You may have heard that alternative asset managers are making big bets on the property market. This is seen in all manner of ways, including several new technology platforms, mergers in the asset management space and the rapid rollout of new limited liquidity funds designed to attract mass affluent investors. Those who push for the “democratization of alternatives” are going before councilors to make it happen.
Leading this effort is Stephanie Drescher, Apollo's group head of customer and product solutions. Apollo Global Management is a frontier household name in the investment management business. The firm, recently added to the S&P 500, manages more than $700 billion in private investments. The wealth channel is only one part of this volume, but the firm has ambitions. In the past three years, Apollo has spent $1 billion on the effort, growing its in-house wealth team to 140 employees.
“We saw an opportunity to complement our mature and highly significant institutional relationships with new ones in global wealth, for example, wire, private banks, RIAs, independent broker/dealers and family offices,” said Drescher. “I have spent the last few years focusing on building these relationships as we build and grow the global wealth platform.”
Apollo has increased its annual fundraising pace from the wealth channel globally to more than $10 billion, raising $27 billion and developing 30 investment vehicles ranging from traditional drawdown structures to newer semi- liquid across all credit, equity and real asset classes.
“Prior to making a strategic commitment to wealth, we offered alternatives on a limited, episodic basis to advisors and their clients through traditional withdrawal products,” said Drescher. “Flash to today and we have greatly expanded this access through a diverse set of permanent, semi-liquid solutions and other innovative structures.
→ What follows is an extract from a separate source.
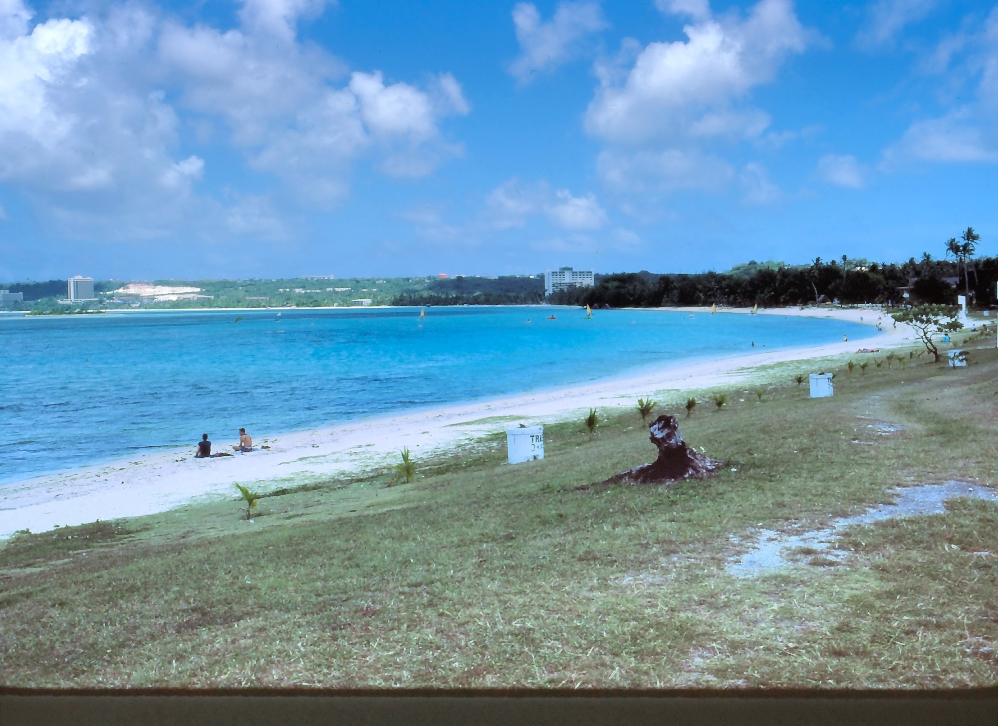 成田空港で出発予定のフライトが故障で12時間も遅れてしまい、やはりグアムの基地に帰るというアメリカ人の兵隊さんと3人でレストランに入り、なれない英語と日本語で会話しながら時間つぶしをしたというハプニングもありました。

With individuals, our focus is to create opportunities that ultimately deliver excess return per unit of risk, create portfolios of solutions that will help clients meet their goals, and then provide access points that meet the needs of the respective buyer .
By 2029, Apollo has set a target of doubling the size of its in-house wealth team, raising $30 billion annually from the wealth channel globally and achieving $150 billion in AUM for its products with in the center of the property, which can represent up to half of the company's annual income. raising capital from third parties.
Drescher, who has an undergraduate degree from Bernard College and an MBA from Columbia University, has a long history in the alternative investment business. She joined Apollo in 2004 and, prior to that, spent 10 years with JPMorgan Chase, working primarily in its alternative investments group.
“I was drawn to Apollo for many of the reasons that make it such a vibrant place today. The entrepreneurial spirit, commitment to innovation, and meritocratic culture—these qualities distinguished me then and still shape my daily experience,” said Drescher. “I could say that the firm was on a path to help redefine the alternatives industry, a strategy at a time.”
But before that, she said it was her family that had the biggest influence on her career.
“The first person who inspired my interest in markets and finance in general was my grandmother,” she said. “Born in the late 1800s and unable to complete her education, she instilled in me the importance of not only education, but also following the markets closely. She lived with my family when I was in high school and, during that time, we all tracked the markets and spent time together learning about companies.”